Kerry Coombs grooming next wave of ‘gritty, competitive’ cornerbacks

COLUMBUS — Sevyn Banks knows of the requirements and expectations to be considered a capable starting cornerback at Ohio State.

He has watched others hit all the checkmarks the past several years. Jeff Okudah, Damon Arnette, Denzel Ward, Marshon Lattimore, Gareon Conley — all did it before going on to become first-round draft picks in the NFL.

“What it all comes to is just making plays, knowing what you’re doing on the field, and just being smart,” said Banks, a junior from Jones High School in Orlando, Fla. “What do I have to do different to be a starter? I don’t have to do nothing different. I just do me and keep balling.”
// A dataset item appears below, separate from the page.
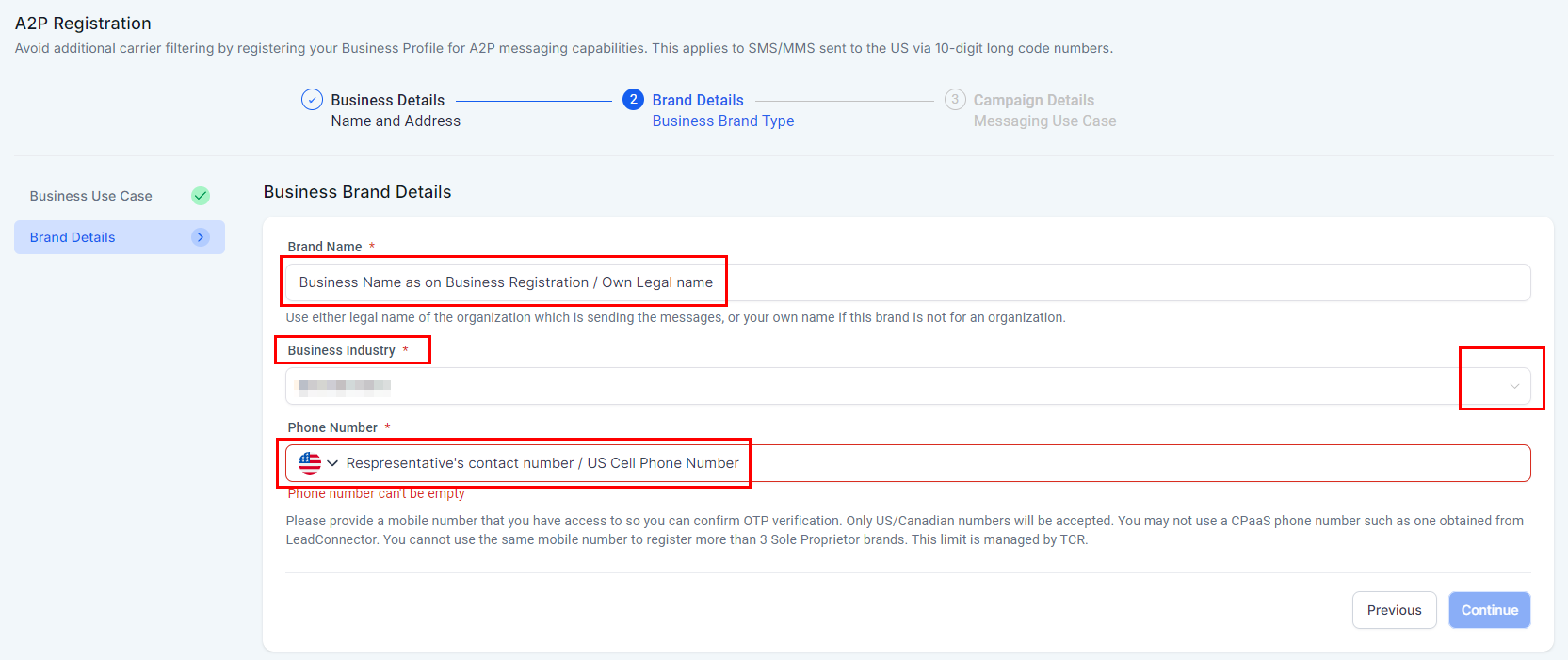 - Ensure all required fields are accurately filled out and resubmit your A2P application for review. Double-check your business information for any errors or omissions.

That’s his mission the next four weeks as the Buckeyes ramp up toward the delayed start to their Covid 19-abbreviated season on Oct. 24 when they host Nebraska. Banks, Cam Brown, Marcus Williamson, Tyreke Johnson and others are out to prove they belong on the starting field with star returnee Shaun Wade in the secondary under the guidance of defensive coordinator Kerry Coombs, back at Ohio State after a two-year run with the Tennessee Titans.

It helps their cause that the Buckeyes defense has evolved into almost the perpetual use of thee cornerbacks in this pass-happy era, the third being known as the slot corner where Wade roamed with aplomb last season. But that extra job opportunity hasn’t lessened what’s expected from the candidates.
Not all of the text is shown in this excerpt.